[Data items]
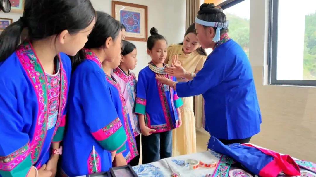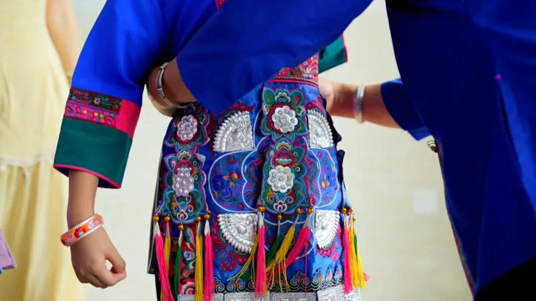 孩子们轻轻抚摸着衣襟上的绣片,每一条纹路都诉说着民族的故事。百褶裙转动时,仿佛翻开了穿在身上的“史书”;银饰碰撞的清脆声响,如同文化血脉的延续。
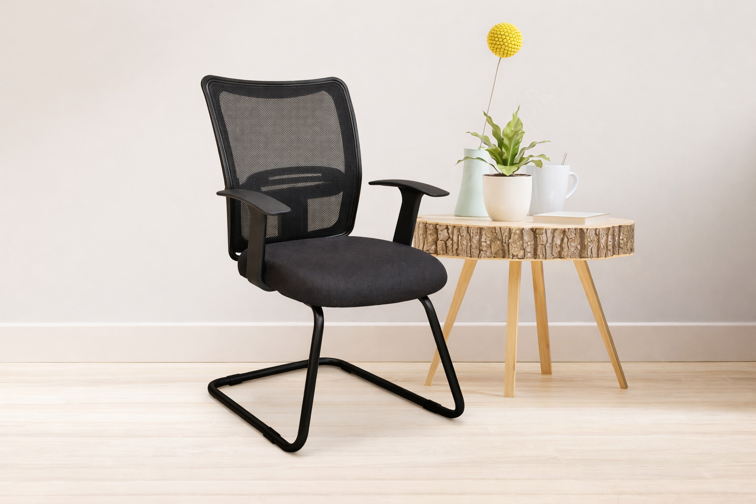 Brio Mesh Visitor Chair with Breathable Mesh Back, Soft Cushioned Seat, Comfortable Armrests & Heavy-Duty S‑Type Metal Frame – Ideal for Office, Reception & Waiting Rooms (Black)
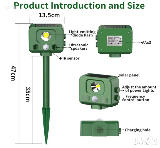 【Лесен за използване】: Просто трябва да поставите репелента за животни върху зоната, която искате да защитите, уверете се, че стърчи на поне 12 см от земята, внимавайте да не блокирате слънчевия панел.Можете също да го използвате, когато отивате на къмпинг, за да избегнете безпокойството на дивите животни.
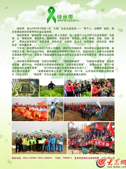 綠絲帶秉承“愛綠護綠?關愛生命”的人文理念,以“在每個人心中種下公益常青樹”為愿景,以“尊重自然、親近自然、善待自然、創(chuàng)造自然”為號召,倡導“奉獻、友愛、互助、進步”,帶動公益市民以“美麗淄博,綠色生活”為使命,致力于“綠色學校、綠色社區(qū)、綠色社會”的共建共享。
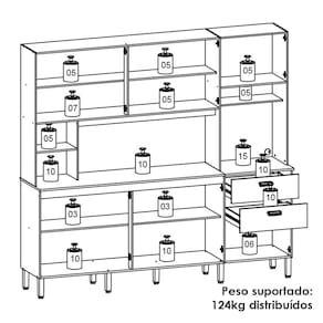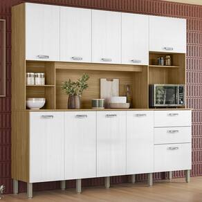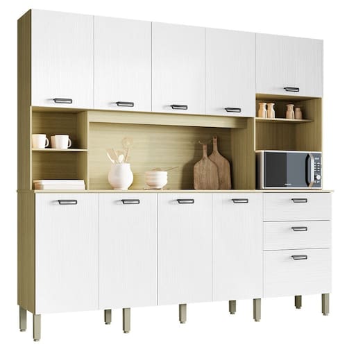 Perfeita para otimizar ambientes com praticidade e estilo, a Cozinha Compacta é produzida em MDP de 12mm e 15mm. Possui 10 portas e 02 gavetas, equipadas com dobradiças e corrediças telescópicas 100% metálicas, além de prateleiras internas, nichos decorativos e espaço funcional para forno elétrico ou micro-ondas. Os pés reguláveis são fabricados em plástico resistente, e os puxadores em ABS com pintura inox. O acabamento em pintura UV (fosco ou semibrilho) completa o visual moderno do móvel. Este móvel chegará em sua casa separado em 03 volumes.
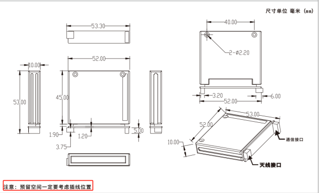 ●读卡天线周围建议留1-2cm的空间,不要有其他金属干扰、电磁干扰等以免影响读卡效果。
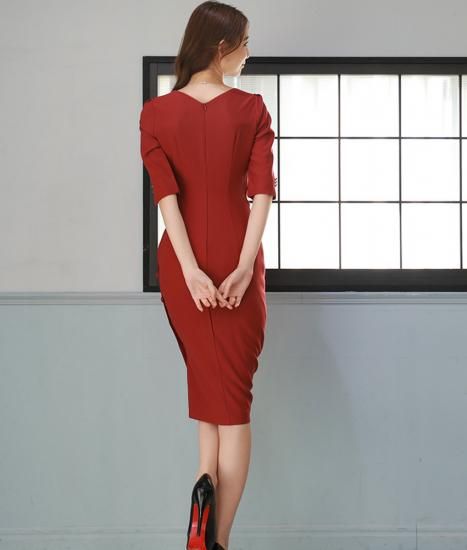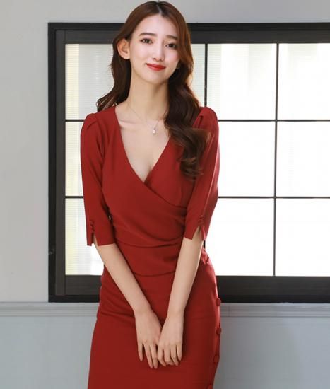 韓国製 | rinfarre | 五分袖 飾りくるみボタン サイドスリット Vネック タイト ミディアムドレス ワンピース

- _What you are asked to do_: The entries are to be restated word for word, with pictures omitted.

- _Exercise result_:
 孩子们轻轻抚摸着衣襟上的绣片,每一条纹路都诉说着民族的故事。百褶裙转动时,仿佛翻开了穿在身上的“史书”;银饰碰撞的清脆声响,如同文化血脉的延续。
 Brio Mesh Visitor Chair with Breathable Mesh Back, Soft Cushioned Seat, Comfortable Armrests & Heavy-Duty S‑Type Metal Frame – Ideal for Office, Reception & Waiting Rooms (Black)
 【Лесен за използване】: Просто трябва да поставите репелента за животни върху зоната, която искате да защитите, уверете се, че стърчи на поне 12 см от земята, внимавайте да не блокирате слънчевия панел.Можете също да го използвате, когато отивате на къмпинг, за да избегнете безпокойството на дивите животни.
 綠絲帶秉承“愛綠護綠?關愛生命”的人文理念,以“在每個人心中種下公益常青樹”為愿景,以“尊重自然、親近自然、善待自然、創(chuàng)造自然”為號召,倡導“奉獻、友愛、互助、進步”,帶動公益市民以“美麗淄博,綠色生活”為使命,致力于“綠色學校、綠色社區(qū)、綠色社會”的共建共享。
 Perfeita para otimizar ambientes com praticidade e estilo, a Cozinha Compacta é produzida em MDP de 12mm e 15mm. Possui 10 portas e 02 gavetas, equipadas com dobradiças e corrediças telescópicas 100% metálicas, além de prateleiras internas, nichos decorativos e espaço funcional para forno elétrico ou micro-ondas. Os pés reguláveis são fabricados em plástico resistente, e os puxadores em ABS com pintura inox. O acabamento em pintura UV (fosco ou semibrilho) completa o visual moderno do móvel. Este móvel chegará em sua casa separado em 03 volumes.
 ●读卡天线周围建议留1-2cm的空间,不要有其他金属干扰、电磁干扰等以免影响读卡效果。
 韓国製 | rinfarre | 五分袖 飾りくるみボタン サイドスリット Vネック タイト ミディアムドレス ワンピース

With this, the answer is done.